Application control of TCP retransmission on Linux

Looks like this was added in Kernel 2.6.37. Commit diff from kernel Git and Excerpt from change log below;

commit dca43c75e7e545694a9dd6288553f55c53e2a3a3 Author: Jerry Chu Date: Fri Aug 27 19:13:28 2010 +0000

tcp: Add TCP_USER_TIMEOUT socket option.

This patch provides a "user timeout" support as described in RFC793. The
socket option is also needed for the the local half of RFC5482 "TCP User
Timeout Option".

TCP_USER_TIMEOUT is a TCP level socket option that takes an unsigned int,
when > 0, to specify the maximum amount of time in ms that transmitted
data may remain unacknowledged before TCP will forcefully close the
corresponding connection and return ETIMEDOUT to the application. If 
0 is given, TCP will continue to use the system default.

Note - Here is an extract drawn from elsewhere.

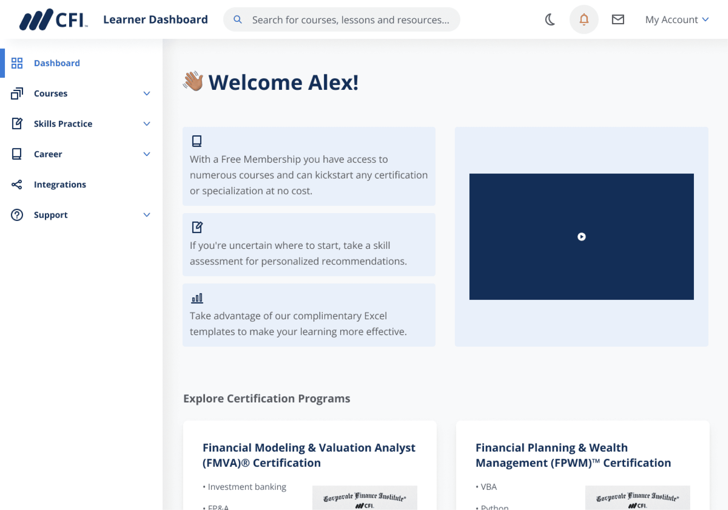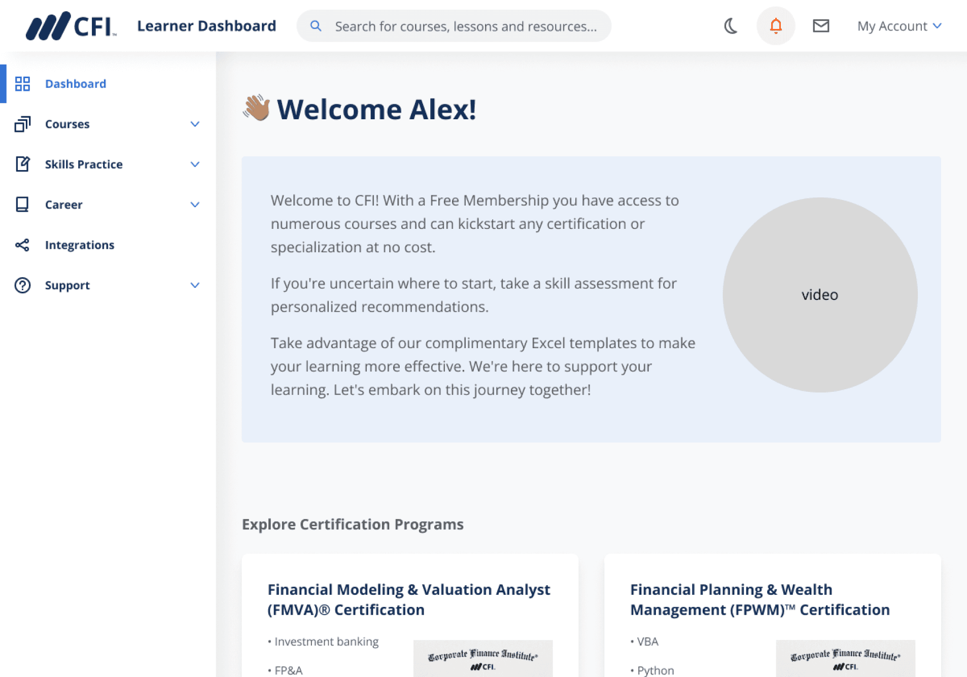 Corporate Finance Institute (CFI) provides online courses and certifications to people in finance and banking using its own e-learning dashboard

Increasing the user timeouts allows a TCP connection to survive extended
periods without end-to-end connectivity. Decreasing the user timeouts
allows applications to "fail fast" if so desired. Otherwise it may take
upto 20 minutes with the current system defaults in a normal WAN
environment.

The socket option can be made during any state of a TCP connection, but
is only effective during the synchronized states of a connection
(ESTABLISHED, FIN-WAIT-1, FIN-WAIT-2, CLOSE-WAIT, CLOSING, or LAST-ACK).
Moreover, when used with the TCP keepalive (SO_KEEPALIVE) option,
TCP_USER_TIMEOUT will overtake keepalive to determine when to close a
connection due to keepalive failure.

The option does not change in anyway when TCP retransmits a packet, nor
when a keepalive probe will be sent.

This option, like many others, will be inherited by an acceptor from its
listener.

Signed-off-by: H.K. Jerry Chu <[email protected]>
Signed-off-by: David S. Miller <[email protected]>

I suggest that if the TCP_USER_TIMEOUT socket option described by Kimvais is available, you use that. On older kernels where that socket option is not present, you could repeatedly call the SIOCOUTQ ioctl() to determine the size of the socket send queue - if the send queue doesn't decrease over your timeout period, that indicates that no ACKs have been received and you can close the socket.


After some thinking (and googling), I came to the conclusion that you can't change tcp_retries1 and tcp_retries2 value for a single socket unless you apply some sort of patch to the kernel. Is that feasible for you?

Otherways, you could use TCP_KEEPALIVE socket option whose purpose is to check if a connection is still active (it seems to me that that's exactly what you are trying to achieve, so it has sense). Pay attention to the fact that you need to tweak its default parameter a little, because the default is to disconnect after about 2 hrs!!!